ESAI was represented in-house by Victoria Chiappetta, Vice President, Legal; a team from Stikeman Elliott LLP that included John Ciardullo, Ian Putnam and Jeremy Ehrlich (securities/corporate); Peter Hamilton, Meaghan Obee Tower, Melissa Uster (banking/financing); Corinne Pruzanski and Andy Gibbons (real estate); and by Cleary Gottlieb Steen & Hamilton LLP, acting as US counsel. The Cleary Gottlieb team for the offering included Craig Brod, Michael Volkovitsch, David Webb, Adam Brenneman and Daniel Riley (corporate); Kate Sawyer (UCC matters); Daniel Ilan and Thomas Wilhelm (intellectual property); and Erika Nijenhuis and Jean-Charles Benois (tax). All lawyers are based in New York.

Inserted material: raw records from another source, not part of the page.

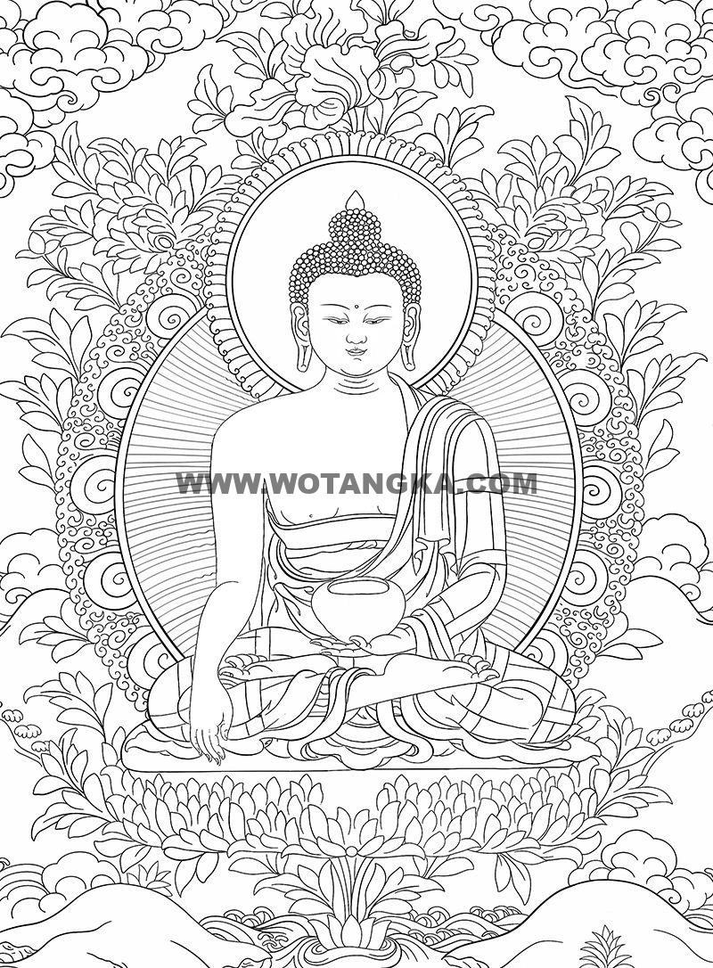 沃唐卡-唐卡白描线稿编号RD93399:释迦牟尼佛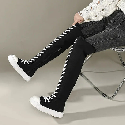 Funki Findz | Boots | Women's Over Knee Lace Up Canvas Boots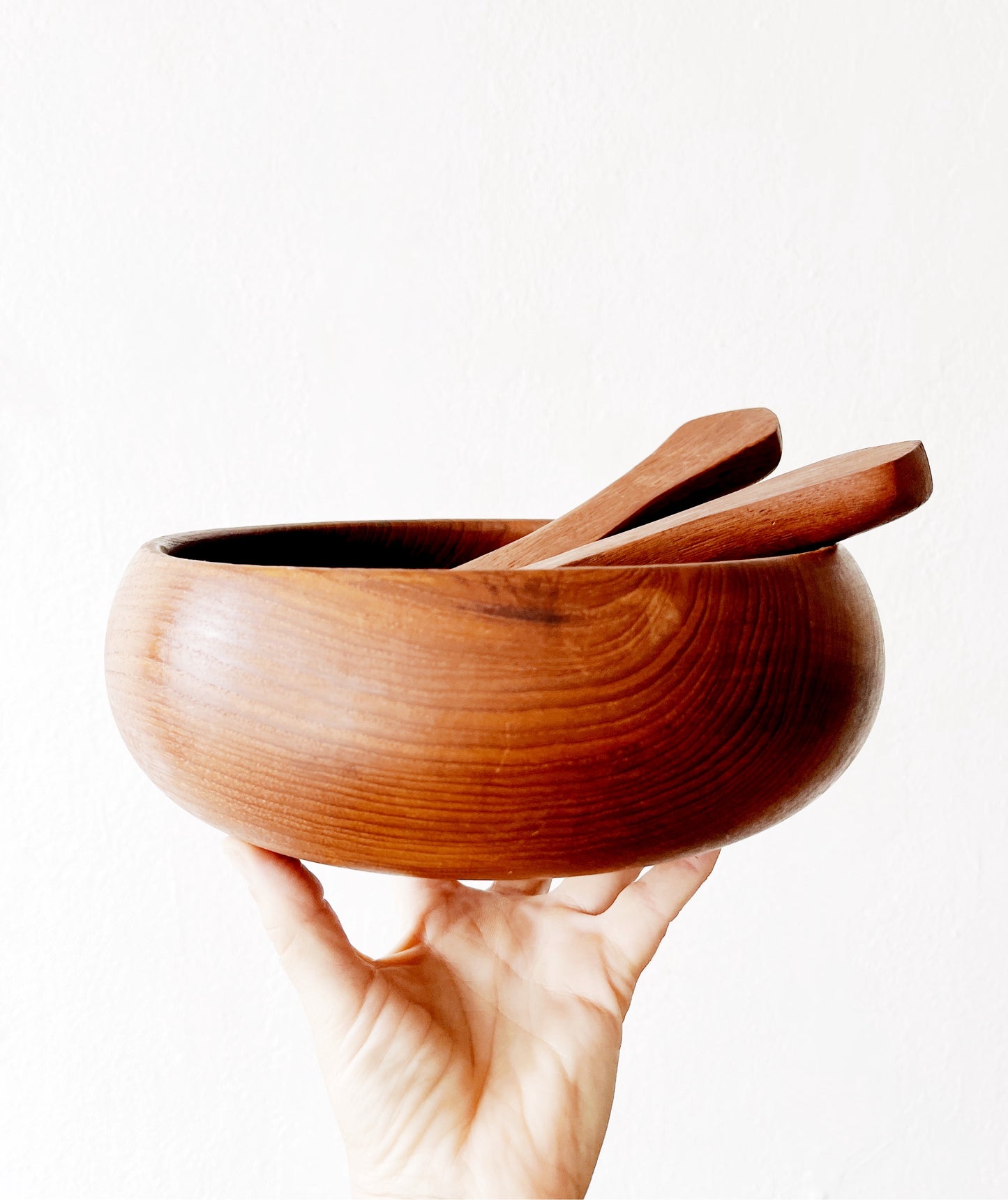 Great bun shaped teak bowl with chunky servers. A really nice looking mid century set for serving 2-6

UBS was represented in the US by a team from Latham & Watkins LLP that included Peter Labonski, Keith Halverstam, Nathan Ajiashvili, Fredric Glassman, Katherine Brown (corporate/capital markets); Christopher Plaut, J. Christopher Dorian, Jenny Ho and Amber Haywood (banking/financing); and in Canada by a team from Blake, Cassels & Graydon LLP that included Peter MacGowan, Aimee Yee, Mark Platteel (financial services); Brendan Reay, Silvana D'Alimonte, and Lauren Temple (real estate).